The Tao of Roark

by Peter Saint-Andre

Chapter 23: The Inner Life

Previous: Chapter 22: Compassion

The hardest passion to accept is my passion for myself; the most difficult person to love is myself; the attention I most resist is directed within.

To experience life inside myself, I must accept my feelings as signs and signals of what I truly value, I must take clear perception as a precondition of strong feeling, I must listen to myself and train myself to hear, I must attend to the fine gradations of my emotional experience.

The inner life involves true joy in the senses, for seeing and hearing and touching and tasting are deeply human ways to know and love what is.

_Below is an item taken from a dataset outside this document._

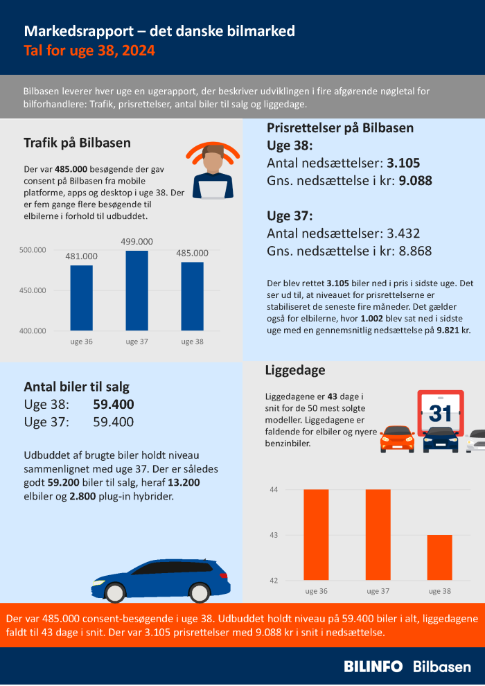 Der var 485.000 consent-besøgende i uge 38. Udbuddet holdt niveau på 59.400 biler i alt, liggedagene faldt til 43 dage i snit. Der var 3.432 prisrettelser med 8.868 kr i snit i nedsættelse.

When I cultivate my inner life, I attend to myself; I am not afraid to be alone, indeed I revel in solitude and I enjoy my own companionship.

Can I be a friend to myself? Can I honor myself? Can I be self-contained yet still reach out to others and to the world at large? Can I grant myself compassion and empathy and understanding while never giving up my drive for self-improvement? Can I love myself in the toughest and tenderest ways possible, and strive above all to be worthy of such reverence? Can I hold onto my dreams, hopes, ideals, aspirations, deepest interests, and inner passions? Can I refuse to float on the surface of life but instead dive deep within myself in a search for individual freedom, personal dignity, spiritual depth, and moral beauty? Can I do all this without pretension, with simplicity and seriousness and humility and a realization of how far I have yet to go in my search for joy and reason and meaning?